Calvin writes, in Harmony Vol 3:



> But what follows as to their presentation by the hands of Aaron, was a shadowing forth by symbol of the truth, which at length shone out at the coming of Christ; *for it had been of old predicted by the Prophets, that, in the renovation of the Church, those who had hitherto been but of the multitude should become Levites.* Therefore, by this figure, God would declare that none even of His elect servants would be approved of and accepted by Him, unless sanctified by the one Priest.



Can anyone point me to the prophecies to which Calvin is referring?


----------



## Semper Fidelis (Jan 7, 2009)

Isaiah perhaps:

Isaiah 61:6: 6But ye shall be named the Priests of the LORD: men shall call you the Ministers of our God: ye shall eat the riches of the Gentiles, and in their glory shall ye boast yourselves.


----------



## Prufrock (Jan 7, 2009)

Perhaps Isaiah 66:21, Jeremiah 33.22, Ezekiel 43.19 (several old commentators assign Zadok to be Christ, and his seed to be Christians), perhaps Ezekiel 44 in general, and maybe Isaiah 61.6.

-----Added 1/7/2009 at 10:20:46 EST-----

Although reading his commentary on Jeremiah, he doesn't seem to assign that meaning to it: he restricts it to the physical tribe of Levi.


----------



## KMK (Jan 7, 2009)

Semper Fidelis said:


> Isaiah perhaps:
> 
> Isaiah 61:6: 6But ye shall be named the Priests of the LORD: men shall call you the Ministers of our God: ye shall eat the riches of the Gentiles, and in their glory shall ye boast yourselves.



Excellent.

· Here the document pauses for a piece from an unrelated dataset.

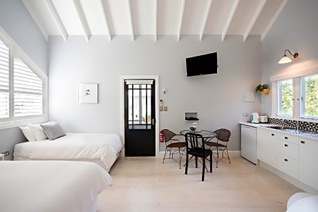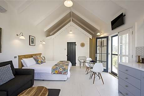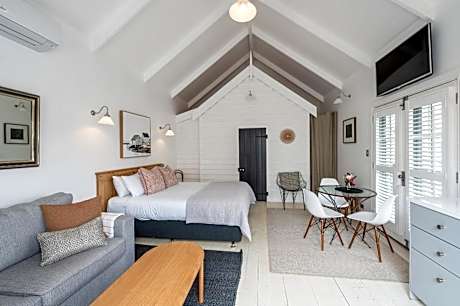 Ubicado en el centro de la exuberante península de Fleurieu, Beach Huts Middleton ofrece icónicos alojamientos boutique de lujo de 4 estrellas con temática costera, con un ambiente rural rodeado de jardines junto al mar. A solo 5 minutos a pie de la playa de Middleton, este establecimiento ofrece alojamiento independiente con wifi gratis, patio o terraza privados y una botella de champán de cortesía a la llegada. Los huéspedes disfrutan de una pista de tenis, una zona de barbacoa y un restaurante galardonado. Middleton Beach Huts se encuentra a 5 minutos en coche del club de golf South Lakes y del aeropuerto de Goolwa, punto de partida de numerosos vuelos panorámicos. El Centro Ballenero de Australia Meridional está a 10 minutos en coche. Todos los chalets cuentan con aire acondicionado y una cocina americana o cocina con microondas y nevera. Todos los chalets incluyen Smart TV. Algunos también ofrecen bañera de hidromasaje o sofá cama. Los huéspedes pueden relajarse en los jardines o disfrutar de una comida al aire libre en la zona de barbacoa. El establecimiento también ofrece consigna de equipaje y aparcamiento gratuito. El restaurante Blues, con servicio de comedor tanto en el interior como al aire libre, se especializa en mariscos, carnes y venado. También ofrece una amplia gama de vinos y cervezas locales.

Just what I needed.



Prufrock said:


> Perhaps Isaiah 66:21, Jeremiah 33.22, Ezekiel 43.19 (several old commentators assign Zadok to be Christ, and his seed to be Christians), perhaps Ezekiel 44 in general, and maybe Isaiah 61.6.
> 
> -----Added 1/7/2009 at 10:20:46 EST-----
> 
> Although reading his commentary on Jeremiah, *he* doesn't seem to assign that meaning to it: he restricts it to the physical tribe of Levi.



Who is the 'he' to whom you refer?


----------



## Prufrock (Jan 7, 2009)

KMK said:


> Who is the 'he' to whom you refer?



Calvin.


----------